Implement reset_match method #18

sahandevs · 2021-10-17T15:38:09Z

No description provided.

sahandevs · 2021-10-17T17:21:39Z

now I think about it, maybe switch_and_reset is a better name for it(?)

osa1

Thanks @sahandevs for the PR!

This is not quite what we want to change/fix with #12, for a few reasons. First, when you do something like

rule ... {
    $$whitespace,
    ...
}

In the semantic action for this match we don't call any of the LexerHandle methods, we directly switch to the initial state of the current rule set:

lexgen/src/dfa/codegen.rs

Lines 564 to 566 in f69e94e

    
           RuleRhs::None => quote!( 
        
               self.state = self.initial_state; 
        
           ),

Then the code for initial state of Init rule set resets the match:

lexgen/src/dfa/codegen.rs

Lines 341 to 342 in f69e94e

    
           self.current_match_start = char_idx; 
        
           self.current_match_end = char_idx;

As long as this second code block persists the issue won't be fixed, because as described in #12, we want to remove the special case for resetting the current match in Init rule set, which is implemented by the second code block above.

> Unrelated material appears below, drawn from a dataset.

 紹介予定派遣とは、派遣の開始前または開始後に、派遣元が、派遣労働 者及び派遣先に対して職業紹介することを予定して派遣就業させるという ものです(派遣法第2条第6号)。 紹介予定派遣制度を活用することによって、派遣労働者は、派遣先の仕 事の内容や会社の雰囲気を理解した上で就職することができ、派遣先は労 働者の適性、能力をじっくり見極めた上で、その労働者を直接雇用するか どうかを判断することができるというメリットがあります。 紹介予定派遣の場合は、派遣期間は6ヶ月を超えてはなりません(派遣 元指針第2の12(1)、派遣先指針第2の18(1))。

I think for this PR to work as expected you need a few more changes:

Common up

lexgen/src/dfa/codegen.rs

Lines 607 to 609 in f69e94e

    
           #action_type_name::Continue => { 
        
               self.state = self.initial_state; 
        
           }

lexgen/src/dfa/codegen.rs

Lines 564 to 566 in f69e94e

RuleRhs::None => quote!(

self.state = self.initial_state;

),

So that they will call the same code generator for "continue" semantic action.

This is not strictly necessary, but it makes it clear that the rule <regex>, is the same as <regex> => |lexer| lexer.continue_().

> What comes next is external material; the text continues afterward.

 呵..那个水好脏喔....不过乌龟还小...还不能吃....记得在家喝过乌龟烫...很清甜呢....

I think it's a good idea to do this in a separate PR as this is a good idea regardless of how to fix Confusing match reset behavior in initial state #12.

Remove the special case in Init rule set (second code snippet above). Just delete the code.
We need to split "continue_" into two different methods, one for "continue and reset match", one for "continue extending the match". I feel like not resetting the match by default will be more intuitive. So I suggest keeping continue_ method as-is, and adding a new continue_and_reset_match or something like that. The seocnd method should update self.state as continue_, but should also update self.current_match_start and self.current_match_end as we do in the special case above.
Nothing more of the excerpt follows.